→ **Problem**:
For the entries below, return every line from the top through the line with "- Sampai Singapore" exactly as it stands, omitting pictures.

START Material to process

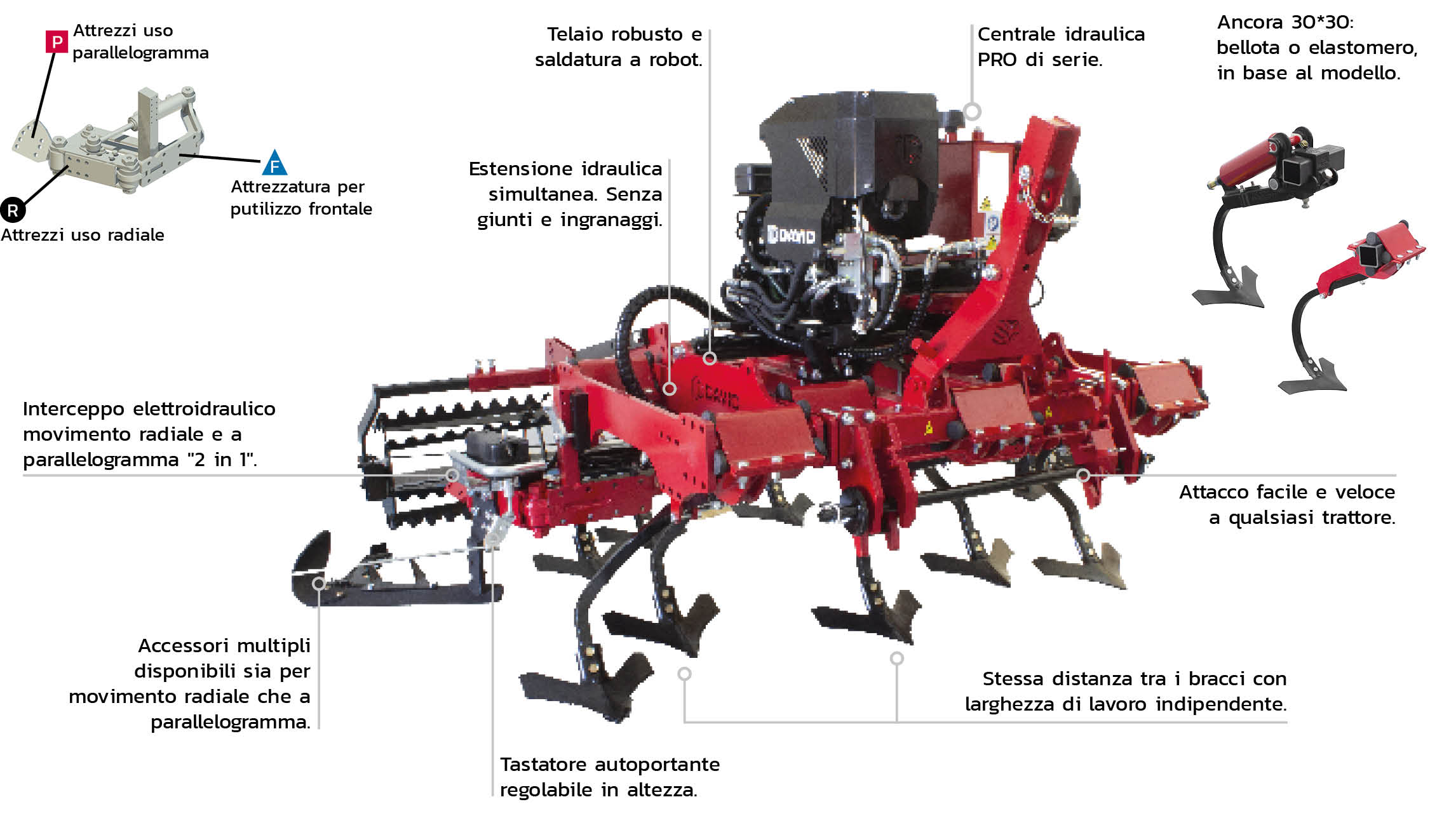 - Estensione idraulica diretta al trattore (non disponibile sui modelli fissi).
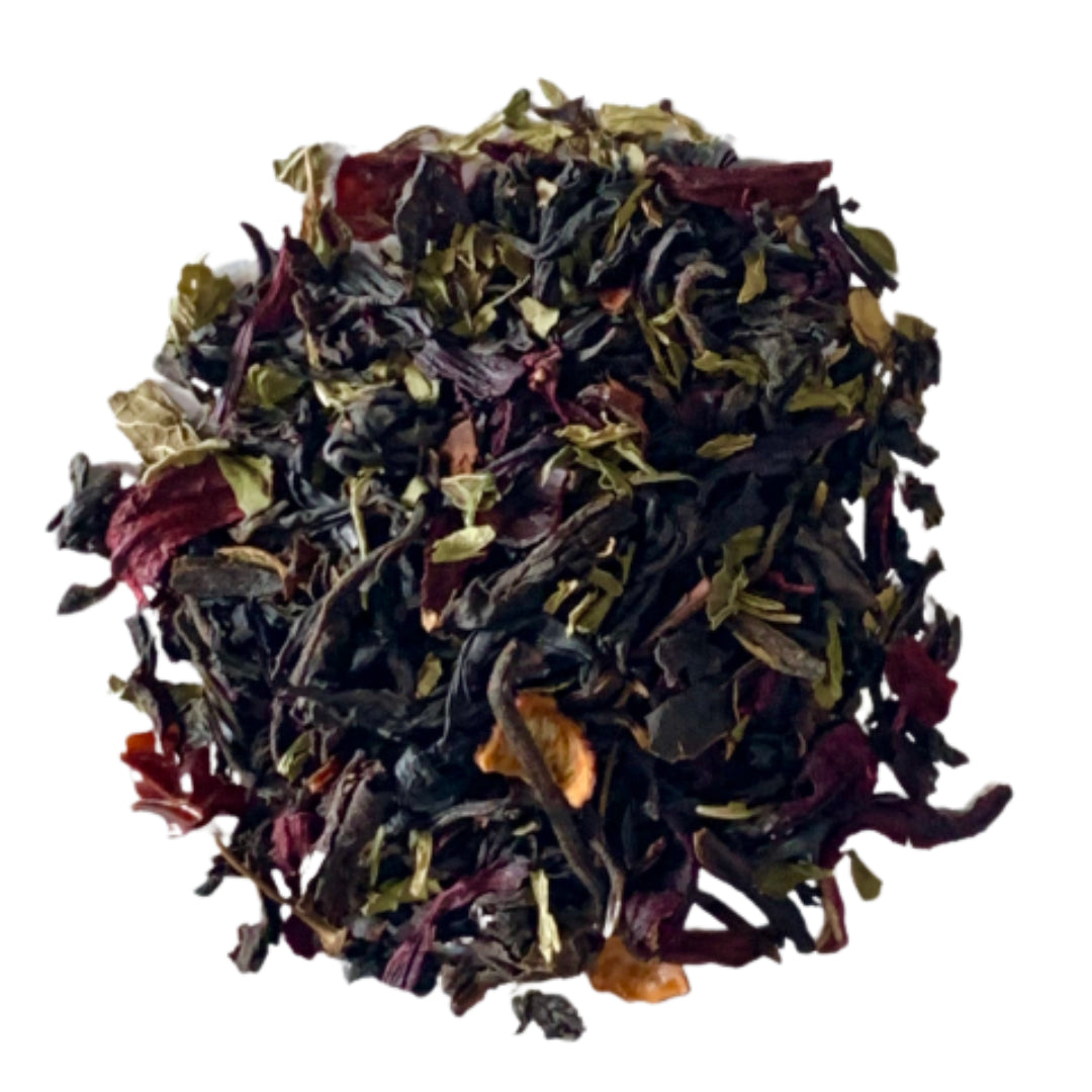 Ingredients: Black tea, Spearmint, Hibiscus, Rose Hips, Natural Raspberry Flavor
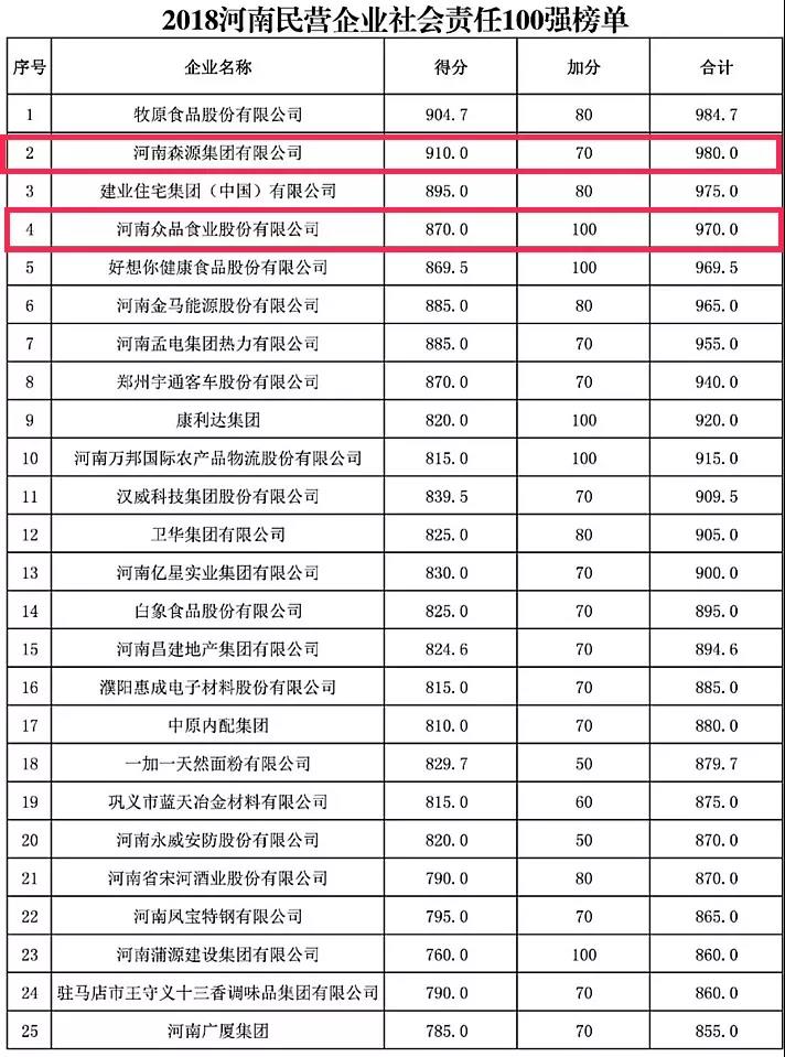 在2018“河南民营企业社会责任100强”榜单中,森源集团、众品食业和宇龙实业分别排在第2名、第4名及第91名;
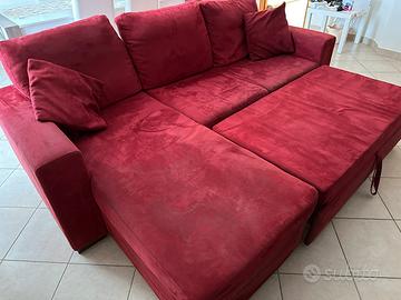 Bellissimo e comodissimo divano letto tre posti con chaise longue. Color rosso bordeaux. Tocco di stile per rinnovare la tua casa e rinnovare la tua zona di comfort. Per info e ulteriori foto resto a disposizione.
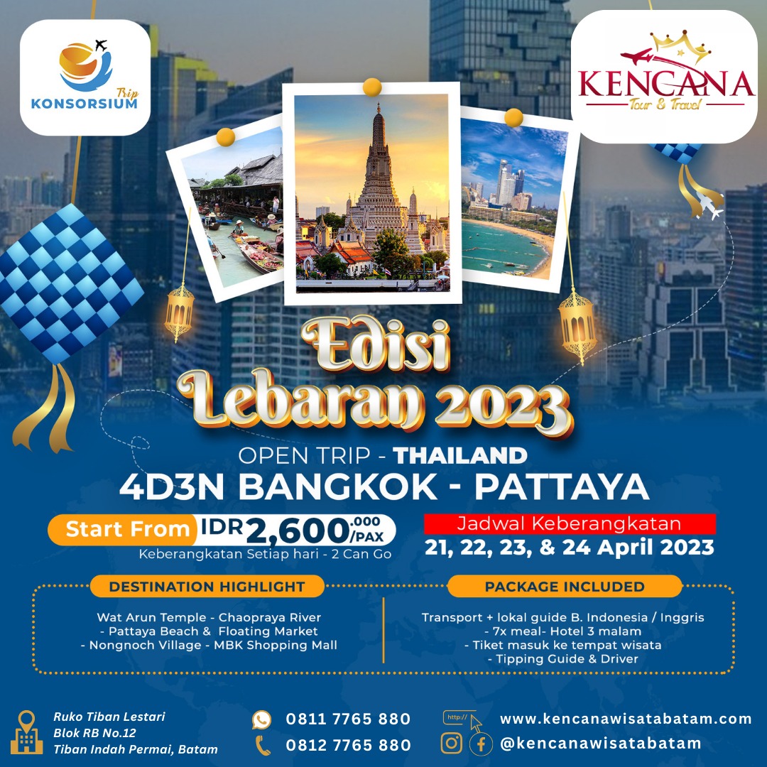 - Sampai Singapore akan dijemput oleh driver kami, drop ke pelabuhan untuk menyeberang kembali ke Batam. 4D3N Bangkok-Pattaya
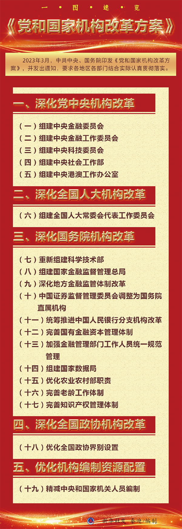 2023年3月10日上午9時許,北京人民大會堂大禮堂。2900多名全國人大代表按下表決器,十四屆全國人大一次會議表決通過了關于國務院機構改革方案的決定,批準了根據《黨和國家機構改革方案》形成的國務院機構改革方案。6天后,《黨和國家機構改革方案》全文公開發布,向著強國建設、民族復興的宏偉目標,黨和國家機構改革揚帆破浪啟新程。

END Material to process

→ **Solution below**:
 - Estensione idraulica diretta al trattore (non disponibile sui modelli fissi).
 Ingredients: Black tea, Spearmint, Hibiscus, Rose Hips, Natural Raspberry Flavor
 在2018“河南民营企业社会责任100强”榜单中,森源集团、众品食业和宇龙实业分别排在第2名、第4名及第91名;
 Bellissimo e comodissimo divano letto tre posti con chaise longue. Color rosso bordeaux. Tocco di stile per rinnovare la tua casa e rinnovare la tua zona di comfort. Per info e ulteriori foto resto a disposizione.
 - Sampai Singapore akan dijemput oleh driver kami, drop ke pelabuhan untuk menyeberang kembali ke Batam. 4D3N Bangkok-Pattaya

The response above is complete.